The lawyers for the former president led by Tsatsu Tsikata disagreed with the court’s ruling and applied for a review.
After hours of arguments from counsel for both parties in the case and deliberations from the nine-member panel, the Chief Justice, Justice Anin Yeboah, delivered the court’s ruling on Monday, February 22, 2021.
According to rule 54, which provides the grounds for review; the Court may review any decision made or given by it on the following grounds
(a) Exceptional circumstances which have resulted in miscarriage of justice;
(b) Discovery of new and important matter or evidence which, after the exercise of due diligence, was not within the applicant's knowledge or could not be produced by him.
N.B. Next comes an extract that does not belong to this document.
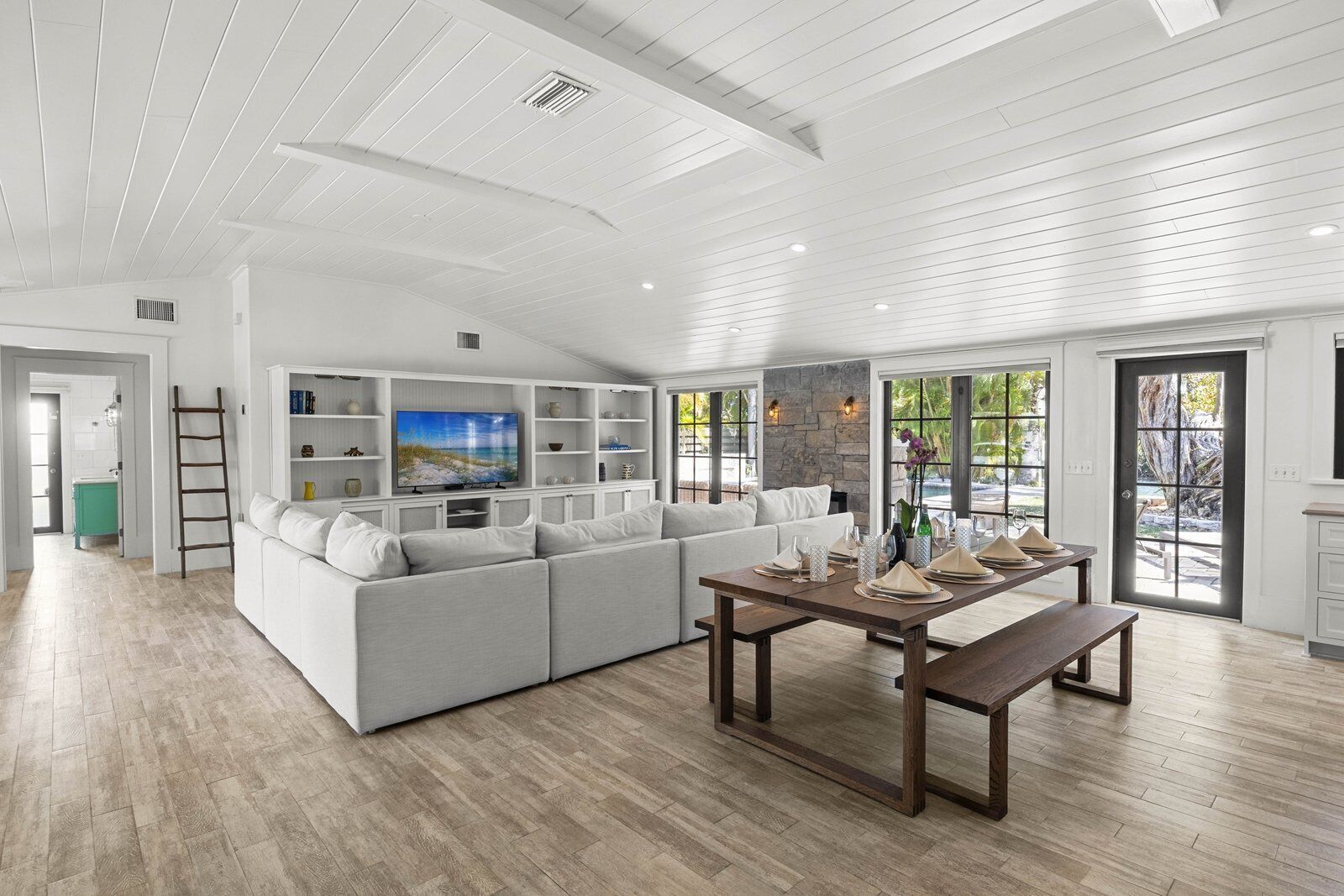 The backyard at Banyan Manor delivers the full resort experience. Lounge by the sparkling pool with an in-ground spa and waterfall, or spend your day on the shaded patio with plush seating. Fire up the built-in BBQ grill for a fresh seafood feast and dine outside at the outdoor dining table with a convenient fridge. Challenge friends to a game of ping pong or pool while watching the big game on the outdoor TV. With a private dock just steps away, guests can fish, launch kayaks, or set out to explore the waters of Anna Maria Island.

According to the Chief Justice, a case can be allowed to reopen only when the above mentioned criteria was satisfied.
He said there is no provision in the constitution or statute that shows that the EC boss can be subjected to different rules contrary to established rules of procedure and settled practice.
The Chief Justice said Jean Mensa is not a party to the suit and therefore, whether or not to testify was not her decision but that of the Electoral Commission.
Election petition: Mahama requests a delay in today’s proceedings for Tsatsu Tsikata to adequately prepare
He said the court found no merit in the argument made by the counsel for the petitioner that the court did not rule in accordance with the laws of the land but rather the black dictionary which is a subsidiary.
“The review jurisdiction is a special jurisdiction to be exercised in exceptional circumstances. It is not an appellate jurisdiction. It is a kind of jurisdiction held in reserve…when a fundamental and basic error may have inadvertently been committed by the court…which error must have occasioned a gross miscarriage of justice.
The review jurisdiction was intended as a try on by a party after losing an appeal…nor is it an automatic misstep from appeal neither is it meant to be resorted to as an emotional reaction to an unfortunate or unfavourable judgement,” he stated.